It was the final obstacle, the 12m of technical climbing up a near vertical rock face that pushed Sir Edmund Hillary to the limit. Once climbed, the way to the summit of Mount Everest lay open.
Now, almost exactly 60 years after the New Zealander and his rope-mate, Sherpa Tenzing Norgay, stood on the highest point in the planet, a new plan has been mooted to install a ladder on the famous Hillary Step, as the crucial pitch at 8,839m has been known since it was first ascended. The aim is to ease congestion.
“We are now discussing putting a ladder on the Hillary Step, but it is obviously controversial,” said Dawa Steven Sherpa, who runs commercial expeditions on Everest and is a senior member of the Expedition Operators Association in Nepal.
This year, 520 climbers have reached the summit of Everest. On May 19, about 150 climbed the last 914m of the peak from Camp IV within hours of each other, causing lengthy delays as mountaineers lined up to descend or ascend harder sections.

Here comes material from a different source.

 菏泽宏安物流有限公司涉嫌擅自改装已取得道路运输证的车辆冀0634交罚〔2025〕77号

“Most of the traffic jams are at the Hillary Step because only one person can go up or down. If you have people waiting two, three or even four hours that means lots of exposure [to risk]. To make the climbing easier, that would be wrong. But this is a safety feature,” said Sherpa, who co-ordinates the work to prepare the traditional route up the mountain for clients who pay between US$45,000 and US$75,000.
The plan has received some support from the world’s mountaineering authorities.

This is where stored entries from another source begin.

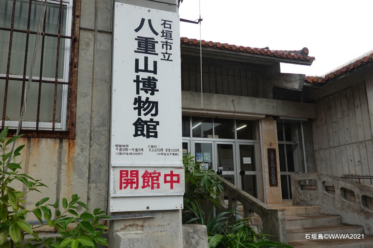 竹富島から石垣島(離島ターミナル)に戻り、道順も良かったので、ホテルにチェックインする前に、建物前の無料駐車場にレンタカーを停め、石垣市立八重山博物館に入館(大人200円)しました。
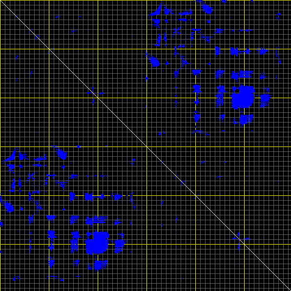 This matrix displays the maximum distance fluctuations between all pairs of CA atoms and between the two extreme conformations that were computed for this mode (DQMIN/DQMAX). Distance increases are plotted in blue and decreases in red for the strongest 10% of the residue pair distance changes. Every pixel corresponds to a single residue. Grey lines are drawn every 10 residues, yellow lines every 100 residues (counting from the upper left corner).
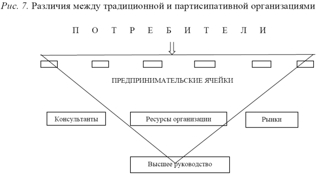 · Партисипативная – организация, использующая участие работников в управлении. Тем самым обеспечивается мотивированность их труда. Обостряется чувство собственника. В таких организациях работники могут:
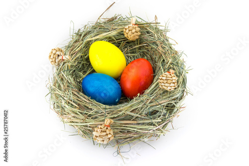 Obraz premium colored easter eggs in grass nest with bumps

Frits Vrijlandt, the president of the International Mountaineering and Climbing Federation, said the ladder could be a solution to the increasing numbers of climbers on the mountain.
“It’s for the way down, so it won’t change the climb,” Vrijlandt told the Guardian.
It is unlikely, however, that tired ascending climbers close to their ultimate goal will spurn such an obvious aid at such an altitude.
There are also plans to introduce more rigorous traffic controls on the so-called fixed ropes, which run almost from base camp to the summit and are fixed by specialist sherpas. One rope for climbers on the way up and one for those descending are to be installed.
Though such innovations are anathema to many purist climbers, they are welcomed by some Sherpas. Paid around US$7,000 for guiding a client to the summit, the Sherpas are regular casualties on the mountain. Nine people have died on Everest this year, including two veteran Sherpas.
Many Sherpas and other Nepalis want to develop the industry of guiding clients to the top with minimal risk to all involved, while many mountaineers want to preserve Everest as a climbing challenge that demands a significant level of experience, technical competence and acceptance of risk.
In related news, two climbers, a 67-year-old Japanese woman and a Spanish man, 50, and their guide have died on Mount Dhaulagiri, expedition organizers said yesterday.
Chizuko Kono from Japan, Spain’s Juanjo Garra and guide Dawa Sherpa went missing on Friday as they attempted to climb the world’s seventh-highest peak.
Garra slipped and broke his ankle, organizers said, but it was not immediately clear what happened to Kono and Dawa Sherpa.
The trio, who were part of a larger group of 21 climbers, were confirmed dead yesterday.